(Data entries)
'''
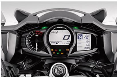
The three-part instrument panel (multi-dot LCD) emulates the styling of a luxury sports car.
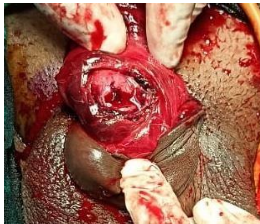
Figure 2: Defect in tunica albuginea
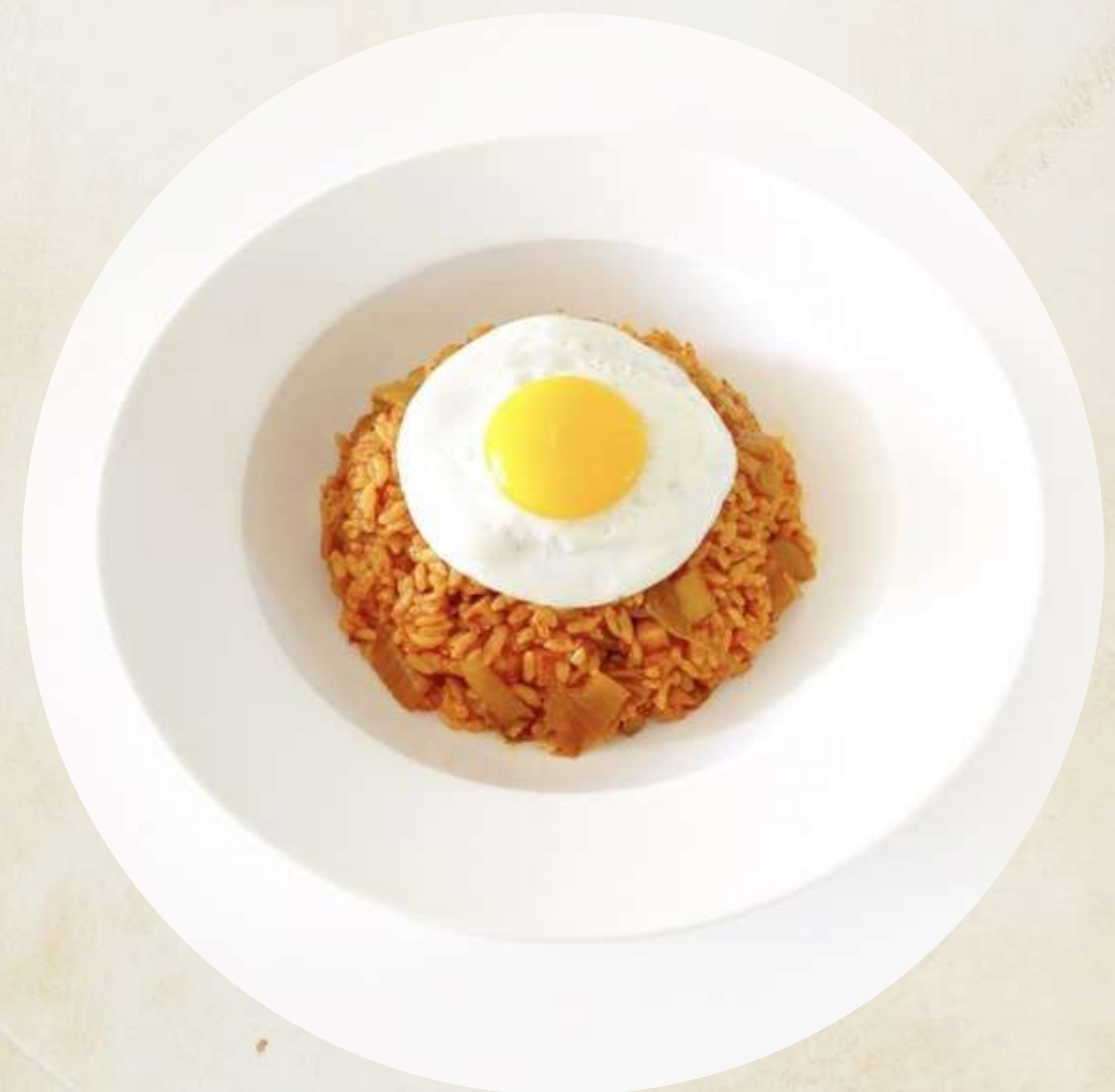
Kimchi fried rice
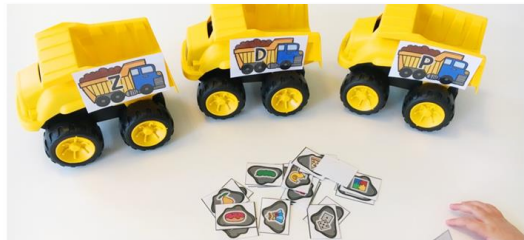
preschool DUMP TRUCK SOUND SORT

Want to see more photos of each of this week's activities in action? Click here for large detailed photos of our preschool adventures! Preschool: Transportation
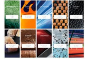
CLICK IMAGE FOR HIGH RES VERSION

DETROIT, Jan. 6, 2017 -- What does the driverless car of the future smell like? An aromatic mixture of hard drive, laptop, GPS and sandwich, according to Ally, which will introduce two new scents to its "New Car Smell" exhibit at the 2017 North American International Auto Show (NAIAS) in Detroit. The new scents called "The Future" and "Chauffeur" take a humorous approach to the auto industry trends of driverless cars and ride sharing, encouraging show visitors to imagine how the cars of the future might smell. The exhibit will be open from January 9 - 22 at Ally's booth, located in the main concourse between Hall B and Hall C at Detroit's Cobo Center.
'''
Your task: Using the data above, transcribe exactly the lines between those containing "Figure 2: Defect in tunica albuginea" and "Want to see", inclusive, and leave every picture behind.

Task solution:
Figure 2: Defect in tunica albuginea
Kimchi fried rice
preschool DUMP TRUCK SOUND SORT

Want to see more photos of each of this week's activities in action? Click here for large detailed photos of our preschool adventures! Preschool: Transportation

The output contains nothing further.